I'm writing a PCRE regular expression for the purpose of 'minifying' other PCRE regular expressions written in free-spacing and comments mode (/x
flag), such as:
# Match a 20th or 21st century date in yyyy-mm-dd format
(19|20)\d\d # year (group 1)
[- /.] # separator - dash, space, slash or period
(0[1-9]|1[012]) # month (group 2)
[- /.] # separator - dash, space, slash or period
(0[1-9]|[12][0-9]|3[01]) # day (group 3)
Note: I've intentionally omitted any regular expression delimiters and x
flag
The result of 'minifying' the above expression should be that all literal whitespace characters (including new lines) and comments are removed, except literal spaces within a character class (e.g. [- /.]
) and escape whitespace characters (e.g. \
):
(19|20)\d\d[- /.](0[1-9]|1[012])[- /.](0[1-9]|[12][0-9]|3[01])
This is the regular expression I have so far, itself written in free-spacing and comments mode (https://regex101.com/r/RHnyWw/2/):
(?<!\\)\s # Match any non-escaped whitespace character
|
(?<!\\)\#.*\s*$ # Match comments (any text following non-escaped #)

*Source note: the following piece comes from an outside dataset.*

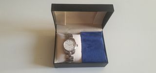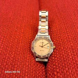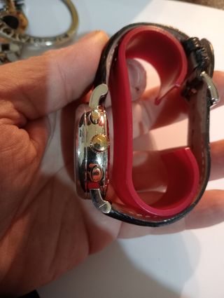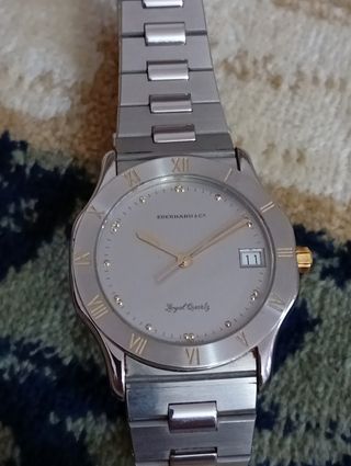 Orologio da donna al quarzo autentico Eberhard in ottime condizioni. Soltanto il cinturino mostra qualche segno e piega dovuti all'indossamento, come da foto. Perfettamente funzionante con pila di recente sostituzione. Resistente all'acqua fino a 3 atm, diametro esterno corona 2,5 cm c.a.

Assuming I substitute all matches with empty string, the result is:
(19|20)\d\d[-/.](0[1-9]|1[012])[-/.](0[1-9]|[12][0-9]|3[01])
This is close, except that the space characters with the separator [- /.]
parts of the pattern have lost the literal space.
How can I change this pattern so that literal space (and #
) characters with [
and ]
are preserved?